Systemic injustice threatens democracy
I have been thinking about Gettysburg a lot over the past week. Just eight days ago, my 95-year-old father died, after a great and productive life. His great grandfather, Ira Meserve, was a union soldier wounded at Gettysburg, shot through both knees and not discovered until a couple of days later when the dead were being picked up off the field of battle. Ira survived, and our family still has the bullet that brought him down. Ira was one of 46,000 casualties of Gettysburg, including almost 8,000 dead.
President Abraham Lincoln declared, “we here highly resolve that these dead shall not have died in vain — this nation, under God, shall have a new birth of freedom.”

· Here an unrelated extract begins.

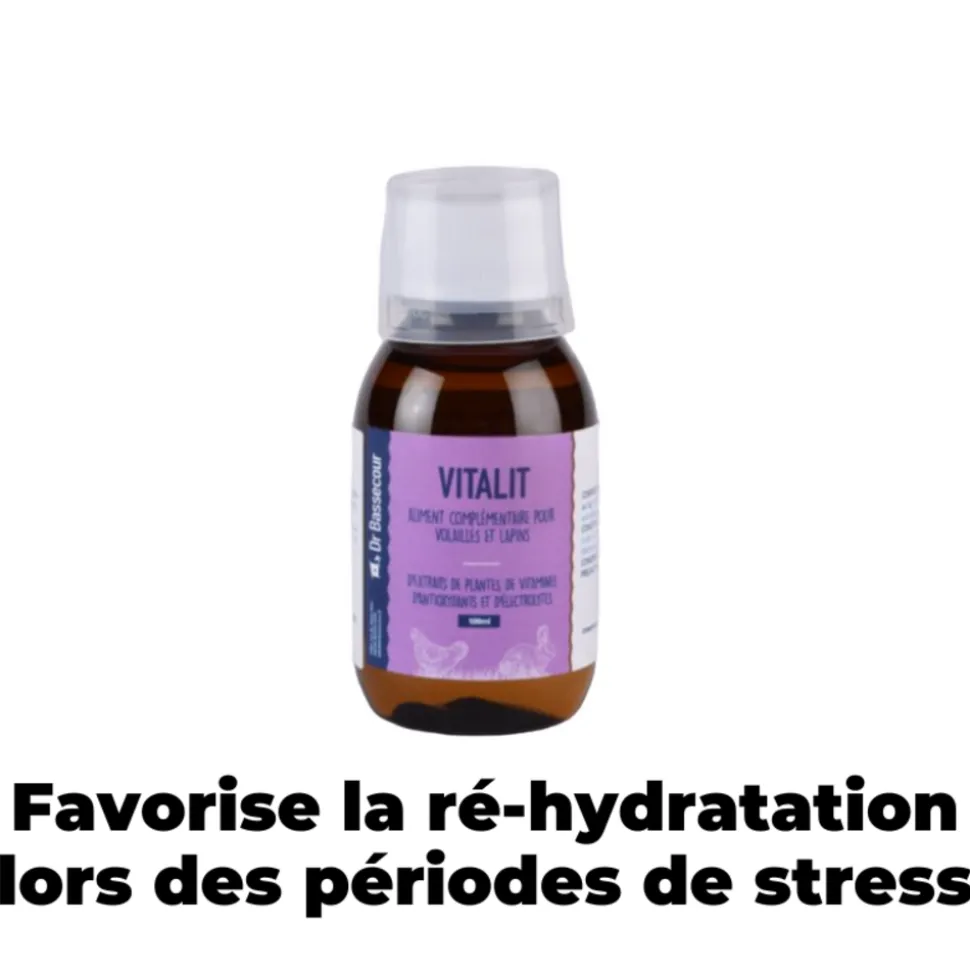 VITALIT est un complément alimentaire pour volailles et lapins qui contribue à renforcer l’immunité et à stimuler la réhydratation pendant les périodes de stress. Il est composé de vitamines C et E, d’extraits de raisin et de pamplemousse, ainsi que de chlorure de magnésium. Ces ingrédients contribuent à protéger les animaux des maladies en périodes de convalescence, de forte chaleur ou pour les jeunes animaux.- Utilisez 5 ml de VITALIT dans 2 litres d’eau pendant 5 jours pour traiter environ 40 animaux de 2 kg. Pour 10 animaux de 2 kg, préparez 2 litres de solution par jour. Limitez l’accès aux points d’eau extérieurs durant le traitement.Ce produit est riche en antioxydants et électrolytes, notamment le sodium, le magnésium et le potassium, qui favorisent la réhydratation. Il est important de ne pas l’associer avec d’autres acides, tels que le vinaigre.

And yet, when my father was born, the new birth of freedom for black Americans had been turned back by Jim Crow laws, lynchings, withholding of the franchise, and just plain mean discrimination, fear-mongering, and white-on-black violence.
Fast forward to 1964. Fifty years ago Freedom Summer was launched in Mississippi to attempt to register black citizens to vote. This threat of equality was met by terrorism from the white power elite. Four civil rights workers and three Mississippi blacks were killed, 80 Freedom Summer workers were beaten, 1,062 people were arrested, 67 churches, homes and businesses were bombed or burned.
Freedom Summer was part of the civil rights movement that led us to a new nation, in which racial equality was possible, indeed, the law. But underneath the cover of equality and the seemingly racial blindness of the law, a different reality has emerged. Another layer of disenfranchisement, discrimination, and outright kidnapping of democracy has taken place.
Ronald Reagan signaled the start of this new reality when he launched his campaign for the presidency at a county fair in Philadelphia, Mississippi, near where civil rights workers were murdered in 1964. Reagan promised to “restore to states and local governments the power that properly belongs to them.” Welcome back, Jim Crow.
But Reagan was more sophisticated than this. He launched the War on Drugs in 1982, when the country was suffering through a recession and needed a scapegoat. Reagan targeted urban areas with large black populations. He increased the budgets of federal law enforcement by over tenfold, while slashing the budgets of agencies focused on drug treatment and prevention by 80 percent. With a series of Supreme Court decisions, we all lost significant constitutional rights regarding search and seizure, witness coercion, and legal representation. With a focus on drugs, but not drugs more habitually used by whites, the United States ramped up its policing. State and federal prisons now hold over 2.2 million people. Another 4 million are on probation. Almost another million are on parole. Altogether, over two and a half percent of the total population of our country are ostracized into a second-class caste, stripped of rights and responsibilities, and unable to vote. That includes almost one out of every 12 blacks.
The Civil War was a battle cry for freedom, not incarceration. And yet, we live in a country in which we deny six million Americans the right to vote. In Washington state, 30,000 people are incarcerated, 90,000 are on probation, and 8,000 are on parole. Of these, 53,000 are denied the franchise.
We like to think that we rehabilitate criminals, but we don't. We punish them, we force them into a lower caste, and deny them the right to vote. As we celebrate our independence, we can draw a line from the Civil War and Gettysburg, to the Civil Rights Movement, and on into our own future. We can create a nation that indeed shall have a new birth of freedom, so we can realize a government of the people, by the people, for the people … including all of the people of our great country. It is our arc of history to make.